Windows 8 / 8.1 / 10 has this feature called "Fast Startup" (or "fast boot", "hybrid statup", "hybrid shutdown", and so on...) which doesn't actually shut down the computer when you tell it to do so, instead putting it in a sort of hybernation, in order to speed up boot time.
Although this might seem nice at first view, it has several known and ugly side effects:
- It can seriously screw up on some systems (possibly when using old/incompatible drivers or BIOSes), resulting in a system crash at boot time and a subsequent forced full boot (this I witnessed personally on several different systems... and good luck if you are also using mirrored dynamic disks, which will always undergo a full resync after a system crash).
- It does hell to the processing of some group policies, which require an actual system restart in order to be applied.

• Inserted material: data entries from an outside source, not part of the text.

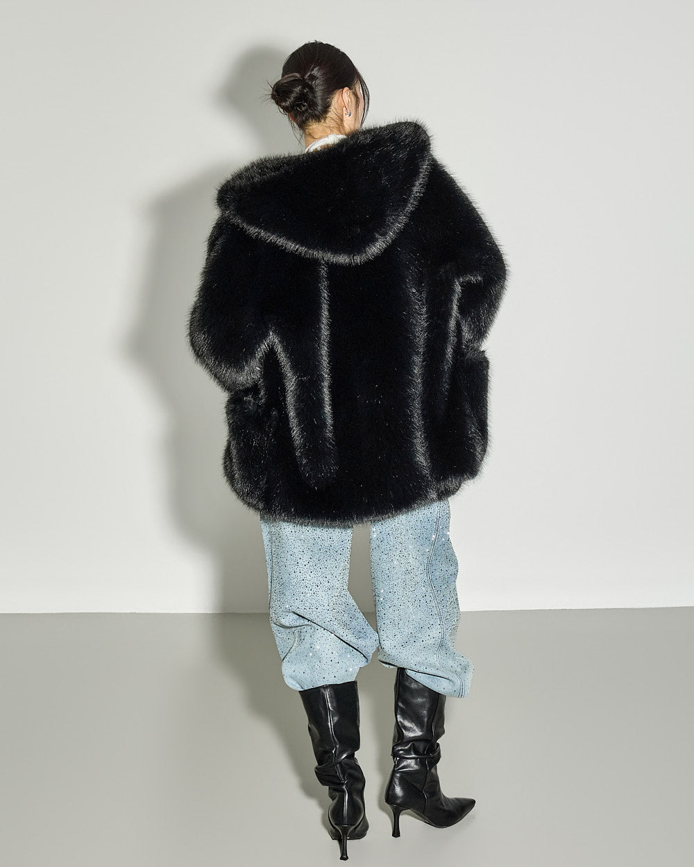 This statement fur outerwear piece can be styled in a variety of ways, from everyday winter looks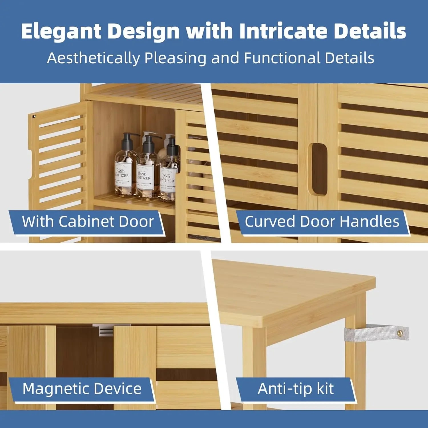 - You get a freestanding bamboo cabinet with four tiers, a door, and a shelf, designed for flexible bathroom, kitchen, or hallway storage.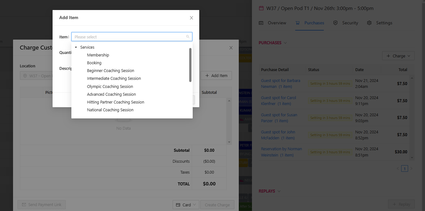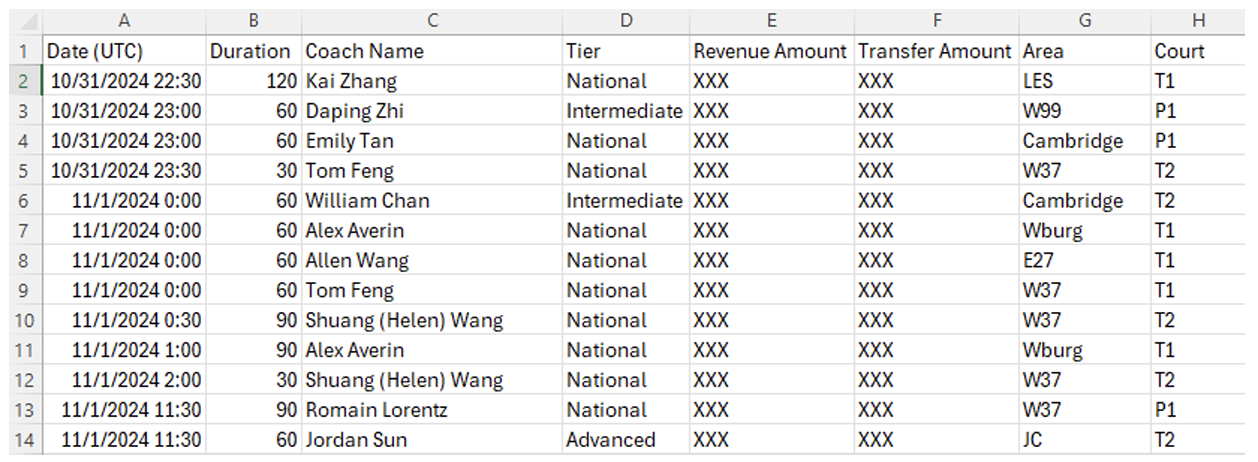 The PodPlay system records all of your Coaches’ private lessons (Reservations) and Clinics (Events). On the admin dashboard, navigate to your Coach Page → Export Button → Select the time frame. One file will download to your computer for all Coach lessons (Reservations & Clinics).

- Last but not least, it has been known to render Wake-On-Lan unusable; this is the problem I'm currently facing after an upgrade to Windows 10 of several Windows 7 PCs which used to WOL quite fine, and now just don't anymore.

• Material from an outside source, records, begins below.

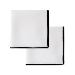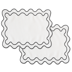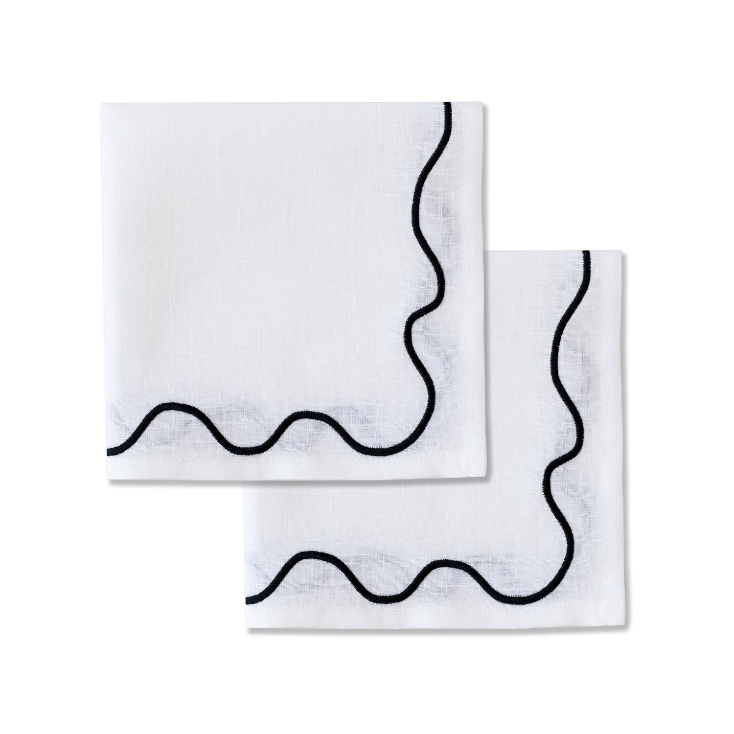 Dit paar servetten van 100% linnen in de kleur wit, met speels wavy borduurwerk in contrasterend zwart, voegt een vleugje verfijning toe aan de eettafel.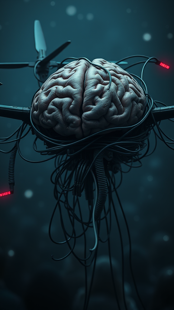 A human brain intricately crafted into a mechanical and organic drone form, entwined with a network of wires and electronic cables, evokes scenes reminiscent of a dystopian film. Styled in dark, muted deep blues and greys characteristic of frostpunk, captured through the lens of a Samyang AF 14mm f/2.8 RF. The compositions are detailed and layered, mirroring the capability of a Nikon D850 to capture the narrative diptychs. In the midst of detailed crowd scenes, the essence is akin to a Kodak Ektachrome photograph, with a dramatic interplay of lighting casting moody color schemes. The atmosphere is shrouded in gloom and fog, adding to the eerie, captivating ambiance.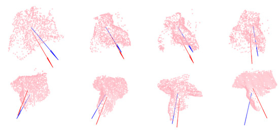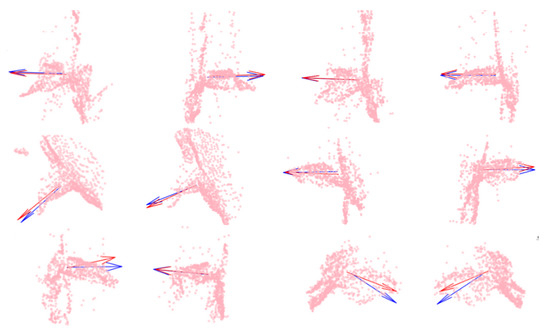 Test samples with arrows representing the demonstrated (blue) and predicted (red) cutting planes. (Top row) Samples with the smallest prediction error for . (Middle row) Samples with median prediction error for . (Bottom row) Samples with maximal prediction error for .

For these and other reasons, I'd like to be able to manage Fast Startup using Group Policies; however, the only policy I could find about this (Computer Configuration\Policies\Administrative Templates\System\Shutdown\Require use of fast startup
) can only be used to force the use of Fast Startup, but not to disable it: its description explicitly states that if you disable or do not configure this policy setting, the local setting is used
.
Thus, my question: how can I disable Fast Startup using a group policy?